++++ Data section

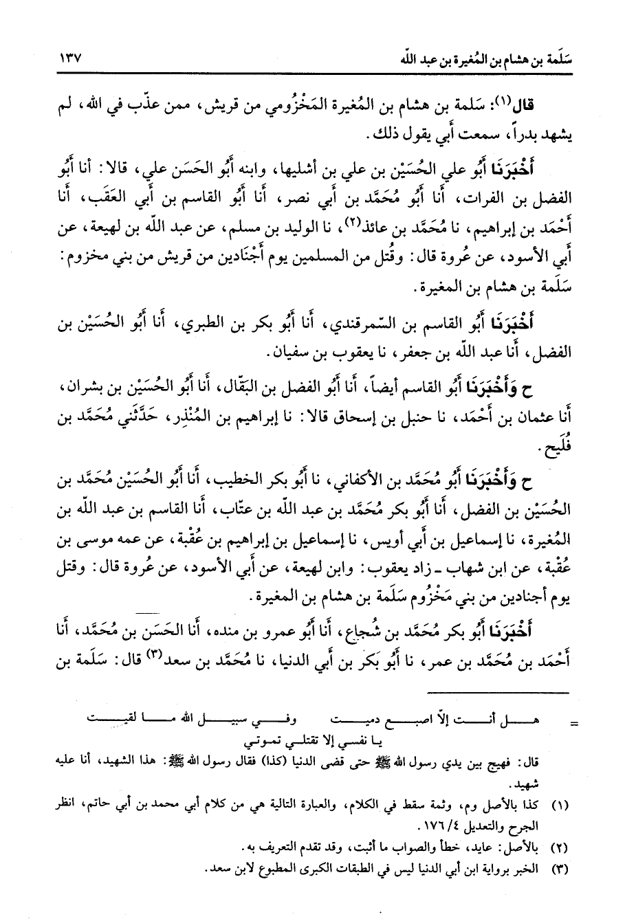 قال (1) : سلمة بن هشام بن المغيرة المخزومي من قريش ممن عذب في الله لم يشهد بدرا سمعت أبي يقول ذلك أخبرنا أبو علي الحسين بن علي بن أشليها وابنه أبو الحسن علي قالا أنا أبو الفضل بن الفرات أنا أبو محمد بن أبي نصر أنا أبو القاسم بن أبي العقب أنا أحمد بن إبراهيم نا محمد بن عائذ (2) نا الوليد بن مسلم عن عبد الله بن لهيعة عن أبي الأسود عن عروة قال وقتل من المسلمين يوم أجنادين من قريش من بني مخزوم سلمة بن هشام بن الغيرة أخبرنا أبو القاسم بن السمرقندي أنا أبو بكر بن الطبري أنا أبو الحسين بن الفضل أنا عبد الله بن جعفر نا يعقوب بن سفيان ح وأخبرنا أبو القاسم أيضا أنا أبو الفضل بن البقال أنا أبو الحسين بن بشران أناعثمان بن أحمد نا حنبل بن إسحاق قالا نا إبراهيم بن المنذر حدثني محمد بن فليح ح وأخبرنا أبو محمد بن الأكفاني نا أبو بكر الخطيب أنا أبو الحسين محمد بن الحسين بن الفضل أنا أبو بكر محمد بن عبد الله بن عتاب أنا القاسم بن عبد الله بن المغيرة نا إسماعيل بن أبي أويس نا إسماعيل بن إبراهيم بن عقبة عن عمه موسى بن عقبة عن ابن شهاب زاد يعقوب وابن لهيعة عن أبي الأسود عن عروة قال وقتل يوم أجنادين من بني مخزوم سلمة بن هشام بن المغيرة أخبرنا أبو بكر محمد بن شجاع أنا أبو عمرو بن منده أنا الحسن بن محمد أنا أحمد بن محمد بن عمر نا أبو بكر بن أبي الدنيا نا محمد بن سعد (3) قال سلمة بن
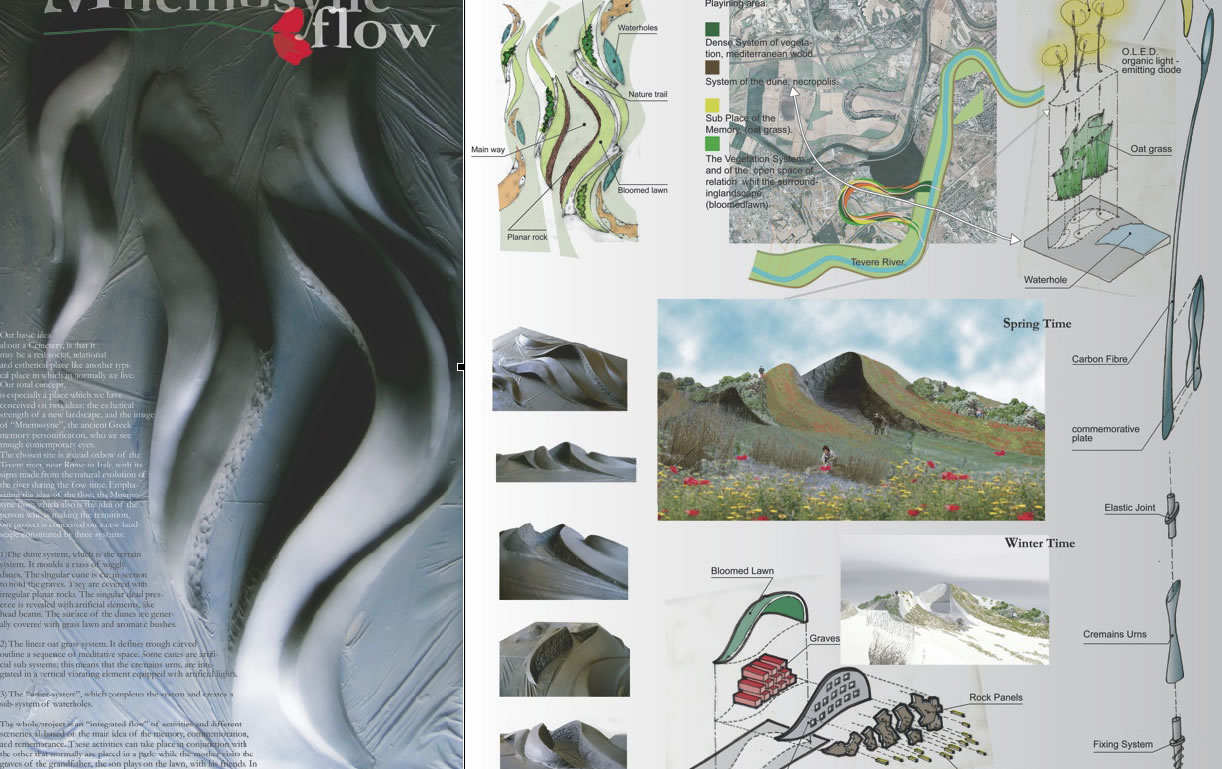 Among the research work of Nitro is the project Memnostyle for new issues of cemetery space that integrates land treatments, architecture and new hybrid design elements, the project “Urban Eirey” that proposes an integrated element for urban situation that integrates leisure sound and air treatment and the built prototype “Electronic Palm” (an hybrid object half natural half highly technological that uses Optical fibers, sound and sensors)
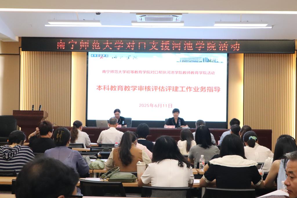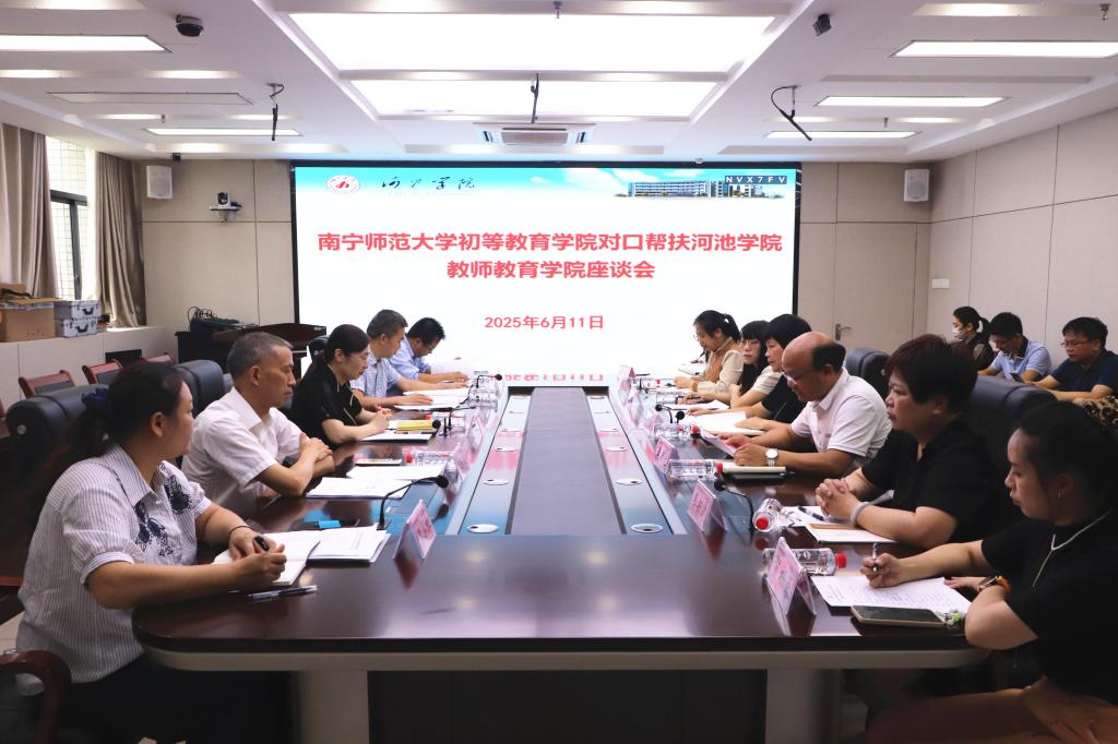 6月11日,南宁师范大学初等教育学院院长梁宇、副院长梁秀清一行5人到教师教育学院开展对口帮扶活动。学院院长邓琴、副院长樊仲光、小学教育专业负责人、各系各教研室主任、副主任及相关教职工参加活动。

++++++++

Word for word, repeat the material above and drop the pictures.

 قال (1) : سلمة بن هشام بن المغيرة المخزومي من قريش ممن عذب في الله لم يشهد بدرا سمعت أبي يقول ذلك أخبرنا أبو علي الحسين بن علي بن أشليها وابنه أبو الحسن علي قالا أنا أبو الفضل بن الفرات أنا أبو محمد بن أبي نصر أنا أبو القاسم بن أبي العقب أنا أحمد بن إبراهيم نا محمد بن عائذ (2) نا الوليد بن مسلم عن عبد الله بن لهيعة عن أبي الأسود عن عروة قال وقتل من المسلمين يوم أجنادين من قريش من بني مخزوم سلمة بن هشام بن الغيرة أخبرنا أبو القاسم بن السمرقندي أنا أبو بكر بن الطبري أنا أبو الحسين بن الفضل أنا عبد الله بن جعفر نا يعقوب بن سفيان ح وأخبرنا أبو القاسم أيضا أنا أبو الفضل بن البقال أنا أبو الحسين بن بشران أناعثمان بن أحمد نا حنبل بن إسحاق قالا نا إبراهيم بن المنذر حدثني محمد بن فليح ح وأخبرنا أبو محمد بن الأكفاني نا أبو بكر الخطيب أنا أبو الحسين محمد بن الحسين بن الفضل أنا أبو بكر محمد بن عبد الله بن عتاب أنا القاسم بن عبد الله بن المغيرة نا إسماعيل بن أبي أويس نا إسماعيل بن إبراهيم بن عقبة عن عمه موسى بن عقبة عن ابن شهاب زاد يعقوب وابن لهيعة عن أبي الأسود عن عروة قال وقتل يوم أجنادين من بني مخزوم سلمة بن هشام بن المغيرة أخبرنا أبو بكر محمد بن شجاع أنا أبو عمرو بن منده أنا الحسن بن محمد أنا أحمد بن محمد بن عمر نا أبو بكر بن أبي الدنيا نا محمد بن سعد (3) قال سلمة بن
 Among the research work of Nitro is the project Memnostyle for new issues of cemetery space that integrates land treatments, architecture and new hybrid design elements, the project “Urban Eirey” that proposes an integrated element for urban situation that integrates leisure sound and air treatment and the built prototype “Electronic Palm” (an hybrid object half natural half highly technological that uses Optical fibers, sound and sensors)
 6月11日,南宁师范大学初等教育学院院长梁宇、副院长梁秀清一行5人到教师教育学院开展对口帮扶活动。学院院长邓琴、副院长樊仲光、小学教育专业负责人、各系各教研室主任、副主任及相关教职工参加活动。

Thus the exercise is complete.